Tronson had played hockey and track & field at State level in New South Wales, and been a hockey journalist from 1970 for the 'Illawarra Mercury' in Wollongong, then later for 'The Sydney Morning Herald', 'The Australian' and the Sydney 'Daily Telegraph' newspapers. After moving to Sydney for theological college in 1977, he also wrote five books on field hockey.
As a result of these endeavours that he was invited to an international sport mission congress in Hong Kong in 1982. To attend he required good-will from his Baptist denomination and ITIM. Both these organisations recognised that Sport had become a major Australian industry, and he was required to submit an official report on his return.
It was from this beginning that ITIM initiated the Sports and Leisure Ministry, named as such by the then NSW Director the Reverend Ken McDowell. Mark Tronson was given the task of initiating this ministry, and he consequently made appointments with each Head of Church to seek recognition and support for a ministry into Australian professional sport.
As a major step of faith Mark and Delma Tronson went out as faith financed missionaries to fund the Sports and Leisure Ministry as a Mission. After three years of development within ITIM, the sports ministry was released to become a Heads of Churches Ministry in its own right.
Led by the example of the Australian Cricket Board in 1984, professional sporting bodies across the nation adopted chaplaincy appointments. Mark Tronson recognised that the ministry was much more than just providing chaplains, and he developed a specialised ministry for Christian athletes, also a ministry for executives, as many professional sport board members were in the corporate world.
After eighteen years of national leadership in this ministry, the stress became too much for Mark and Delma Tronson. They were released in order to establish Well-Being Australia, a ministry of respite to the Australian Institute of Sport. Mark also retained the Australian cricket ministry.
The end result was 'two national sports ministries', these were the new 'Well-Being Australia' and the continuing 'Sports and Leisure Ministry', which in 2005 changed its name to 'Sports Chaplaincy Australia'.
This process of change and reflection, in turn, gave others the opportunity to see sports ministries expand and grow. In this new year of 2010, it will inevitably result in a multitude of blessings.

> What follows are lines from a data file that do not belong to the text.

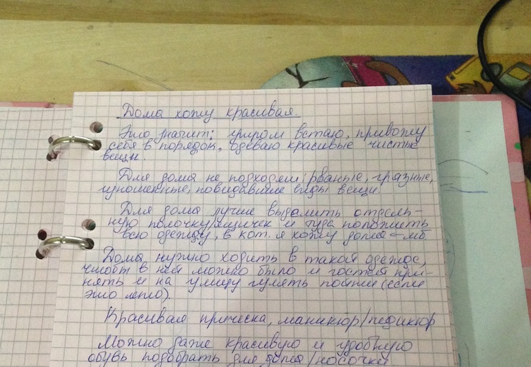 На кольцах с разноцветными листами. В начале пишу основные моменты из задания. В конце тетради пишу свои записи по этим дням, очень удобно, все в одном месте.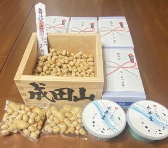 私たち二人に拾った豆と水羊羹のおすそ分けと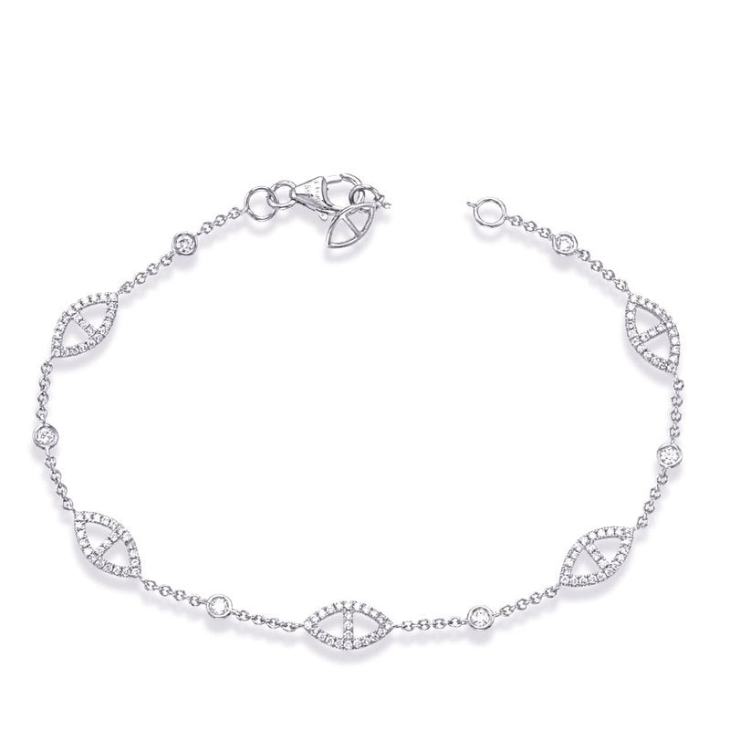 This Bracelet is available in 14K White Gold. There are a total of 121 stones. There are Rounds with a total carat weight of 0.45 set in a Micro Prong setting.None
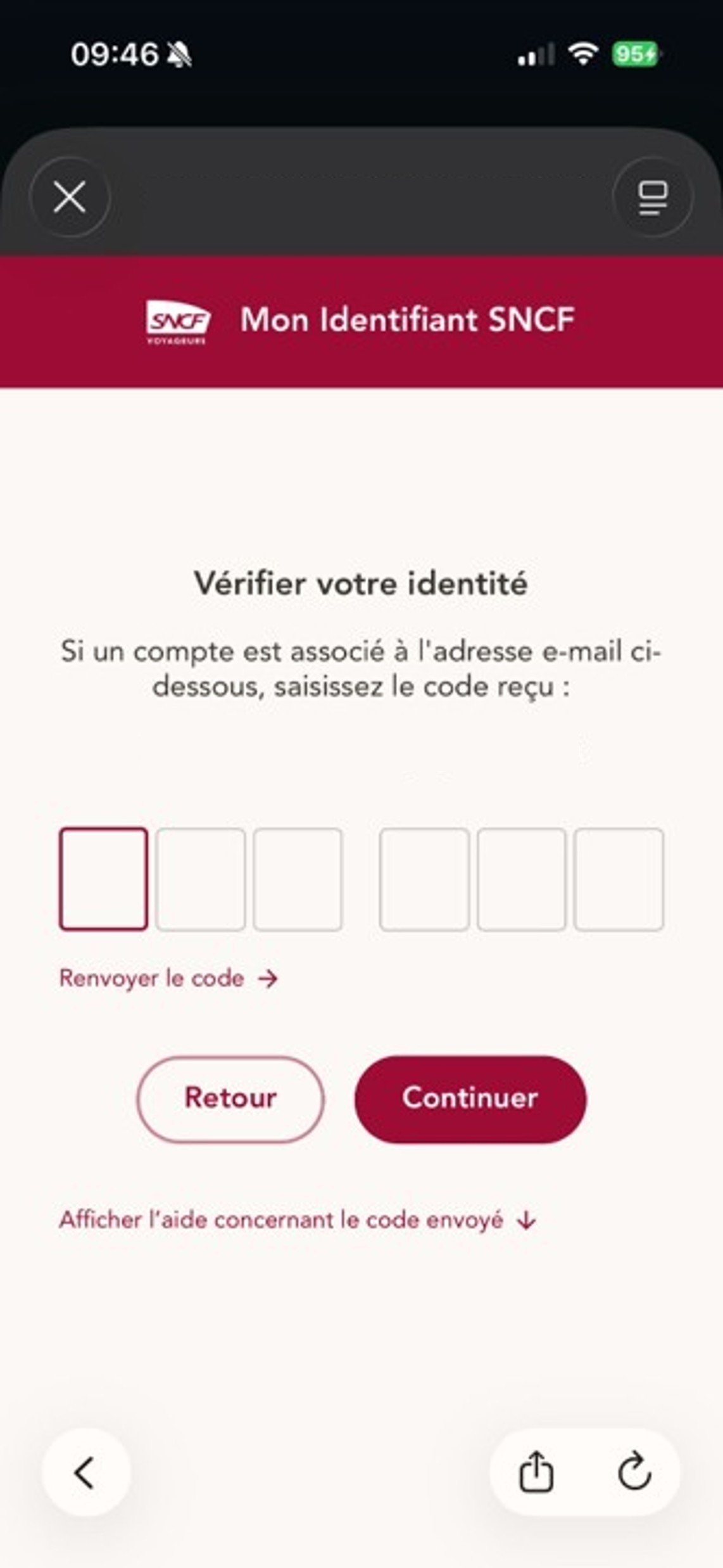 • L'envoi du code peut prendre quelques minutes.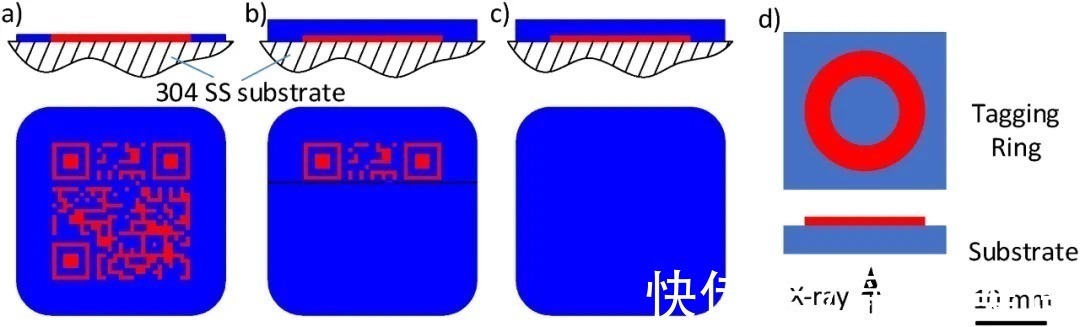 图3a) 到 c)表示的是QR代码样品 A, B, C的示意图;d) 标签环在304不锈钢基材上的示意图,在这里X射线自基材的底部发射.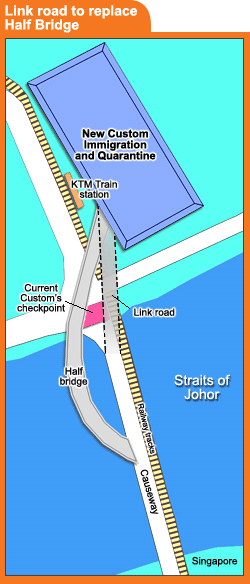虽然,政治人物、媒体和民间人士心中纵有重重的疑问,国库首先就必须为腰斩弯桥计划而赔偿承包商一亿令吉,以及须为即将完工、耗费比美景大桥还昂贵的新建移民、检疫及关税大厦(CIQ)寻找适当用途,避免其成为另一个华而不美的“白象”计划。CIQ大厦耗资约12亿令吉,而美景大桥则是10亿令吉。工程部长三美就即刻指示美景大桥原承包商南方门户(Gerbang Perdana),兴建通道来衔接新关税大厦和原有的新柔长堤,以取代被腰斩的美景大桥。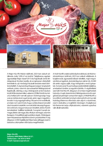 A Major-Hús Kft. Makón található, 2021-ben alakult vál- A Hód-Hús Kft. makói székhellyel rendelkező, de Hódme-

The Reverend Gary Speckman who runs Athletes in Action, a ministry of Campus Crusade for Christ, and who also served as a Sports and Leisure Ministry chaplain has in effect further developed the Christian athlete ministry. He also does chaplaincy training seminars for Sports Chaplaincy Australia. His 'Athletes in Action' has now further developed the Australian Rodeo Ministry.

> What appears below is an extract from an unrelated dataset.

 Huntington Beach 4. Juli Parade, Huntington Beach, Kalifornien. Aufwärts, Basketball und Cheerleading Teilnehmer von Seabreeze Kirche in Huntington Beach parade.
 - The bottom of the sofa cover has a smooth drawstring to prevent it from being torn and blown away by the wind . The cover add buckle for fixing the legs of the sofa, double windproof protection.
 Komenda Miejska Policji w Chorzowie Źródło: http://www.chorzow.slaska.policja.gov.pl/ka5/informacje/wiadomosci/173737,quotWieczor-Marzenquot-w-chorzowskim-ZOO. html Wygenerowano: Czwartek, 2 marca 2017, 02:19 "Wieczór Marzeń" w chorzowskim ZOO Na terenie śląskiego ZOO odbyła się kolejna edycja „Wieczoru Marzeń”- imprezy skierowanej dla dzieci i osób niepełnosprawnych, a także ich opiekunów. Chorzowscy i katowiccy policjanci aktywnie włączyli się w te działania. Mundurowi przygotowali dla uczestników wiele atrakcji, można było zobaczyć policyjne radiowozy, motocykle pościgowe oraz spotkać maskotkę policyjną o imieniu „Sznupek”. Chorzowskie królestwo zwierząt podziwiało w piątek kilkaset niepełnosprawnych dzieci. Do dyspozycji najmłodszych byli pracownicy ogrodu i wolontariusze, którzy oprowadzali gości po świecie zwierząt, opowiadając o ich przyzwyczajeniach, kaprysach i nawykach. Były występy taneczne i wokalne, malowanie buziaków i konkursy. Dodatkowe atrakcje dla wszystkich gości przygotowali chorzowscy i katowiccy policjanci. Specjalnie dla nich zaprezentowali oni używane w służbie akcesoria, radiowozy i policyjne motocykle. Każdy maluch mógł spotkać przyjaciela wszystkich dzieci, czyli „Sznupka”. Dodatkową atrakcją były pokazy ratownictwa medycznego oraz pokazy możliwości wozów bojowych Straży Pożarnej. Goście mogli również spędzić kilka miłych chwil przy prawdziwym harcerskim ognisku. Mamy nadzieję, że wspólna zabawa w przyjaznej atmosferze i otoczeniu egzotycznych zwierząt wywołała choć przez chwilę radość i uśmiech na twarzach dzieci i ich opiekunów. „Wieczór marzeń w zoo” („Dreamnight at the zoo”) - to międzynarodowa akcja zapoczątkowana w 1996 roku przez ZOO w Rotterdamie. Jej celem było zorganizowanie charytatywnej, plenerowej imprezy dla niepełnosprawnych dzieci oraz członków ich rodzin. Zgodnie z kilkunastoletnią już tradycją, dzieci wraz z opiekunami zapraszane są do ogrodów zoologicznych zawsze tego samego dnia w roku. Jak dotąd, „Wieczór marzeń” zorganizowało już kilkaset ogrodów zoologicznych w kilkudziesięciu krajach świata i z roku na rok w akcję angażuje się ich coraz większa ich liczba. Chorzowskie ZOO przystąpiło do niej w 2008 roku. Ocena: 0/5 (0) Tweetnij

The International Sports-Mission Coalition (ISC) is advertising sports ministry training in Sydney; and other groups, too, have initiated their own sports ministries from the base of a local church or from their own personal convictions.
Reverend Dr David Smethurst, originally from South Africa, developed the David Smethurst Ministries in Australia in 1988. He speaks six languages, provides funding for orphanages in several Eastern European nations, the Lebanon and Africa, and has served as a chaplain at Olympic Games, World Cup of Rugby, Commonwealth Games and numerous other major sporting events.
Like Paul and Barnabas going their separate ways, and in a strange quirk doubling the evangelistic efforts of Christianity in the first century, so too Australia has witnessed something similar in the area of sports ministry since 2000 with numerous sports ministries now operating.
The new millennium unleashed a fresh dynamism in sports ministry.